- Try it
Once you find the line below that has "Figure 7: Selected", output it and every line after it exactly, stopping after the line that has "Choose from 2 paint schemes", with no pictures.

- Available data
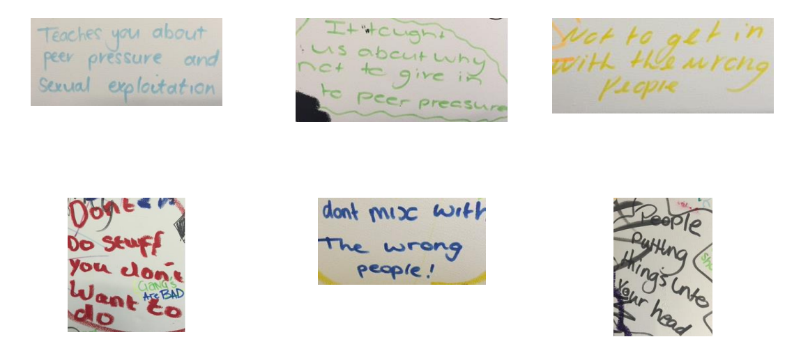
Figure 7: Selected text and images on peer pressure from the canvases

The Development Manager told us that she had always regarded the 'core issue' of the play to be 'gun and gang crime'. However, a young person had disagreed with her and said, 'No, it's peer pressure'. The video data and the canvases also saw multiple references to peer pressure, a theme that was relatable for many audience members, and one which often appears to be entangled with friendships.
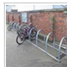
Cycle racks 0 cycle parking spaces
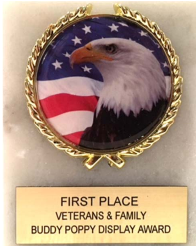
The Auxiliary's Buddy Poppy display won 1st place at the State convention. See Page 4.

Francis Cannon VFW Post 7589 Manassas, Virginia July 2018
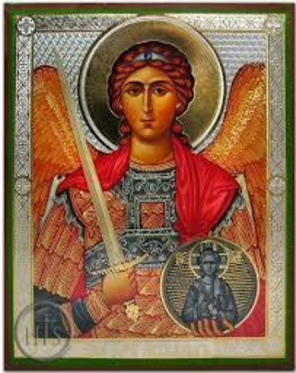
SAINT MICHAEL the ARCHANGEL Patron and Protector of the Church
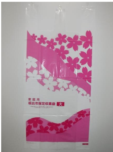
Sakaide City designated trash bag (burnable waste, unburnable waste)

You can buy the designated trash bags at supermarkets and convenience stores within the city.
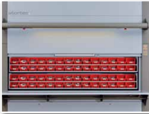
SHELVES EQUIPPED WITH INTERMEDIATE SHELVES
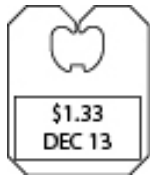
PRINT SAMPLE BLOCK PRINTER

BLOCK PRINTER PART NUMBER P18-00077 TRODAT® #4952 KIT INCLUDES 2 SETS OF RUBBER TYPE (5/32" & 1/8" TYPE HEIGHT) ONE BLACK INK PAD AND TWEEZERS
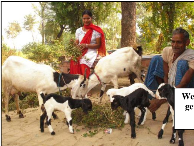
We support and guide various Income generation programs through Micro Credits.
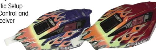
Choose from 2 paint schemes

...

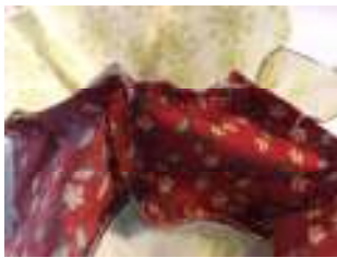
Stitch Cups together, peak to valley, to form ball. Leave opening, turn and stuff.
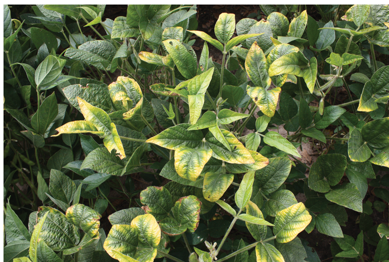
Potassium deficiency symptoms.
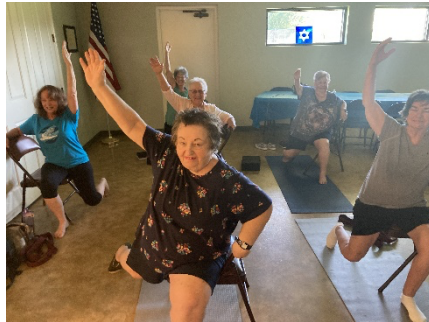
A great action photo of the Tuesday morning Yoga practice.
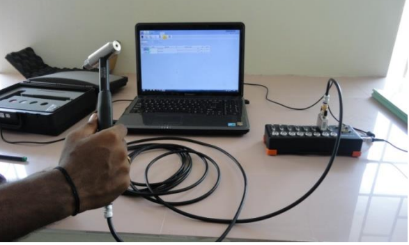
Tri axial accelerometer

...

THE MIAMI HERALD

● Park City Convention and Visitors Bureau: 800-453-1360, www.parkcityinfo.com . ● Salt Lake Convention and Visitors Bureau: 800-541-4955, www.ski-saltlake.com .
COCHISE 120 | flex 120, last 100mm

- Exercise solution
Figure 7: Selected text and images on peer pressure from the canvases

The Development Manager told us that she had always regarded the 'core issue' of the play to be 'gun and gang crime'. However, a young person had disagreed with her and said, 'No, it's peer pressure'. The video data and the canvases also saw multiple references to peer pressure, a theme that was relatable for many audience members, and one which often appears to be entangled with friendships.
Cycle racks 0 cycle parking spaces
The Auxiliary's Buddy Poppy display won 1st place at the State convention. See Page 4.

Francis Cannon VFW Post 7589 Manassas, Virginia July 2018
SAINT MICHAEL the ARCHANGEL Patron and Protector of the Church
Sakaide City designated trash bag (burnable waste, unburnable waste)

You can buy the designated trash bags at supermarkets and convenience stores within the city.
SHELVES EQUIPPED WITH INTERMEDIATE SHELVES
PRINT SAMPLE BLOCK PRINTER

BLOCK PRINTER PART NUMBER P18-00077 TRODAT® #4952 KIT INCLUDES 2 SETS OF RUBBER TYPE (5/32" & 1/8" TYPE HEIGHT) ONE BLACK INK PAD AND TWEEZERS
We support and guide various Income generation programs through Micro Credits.
Choose from 2 paint schemes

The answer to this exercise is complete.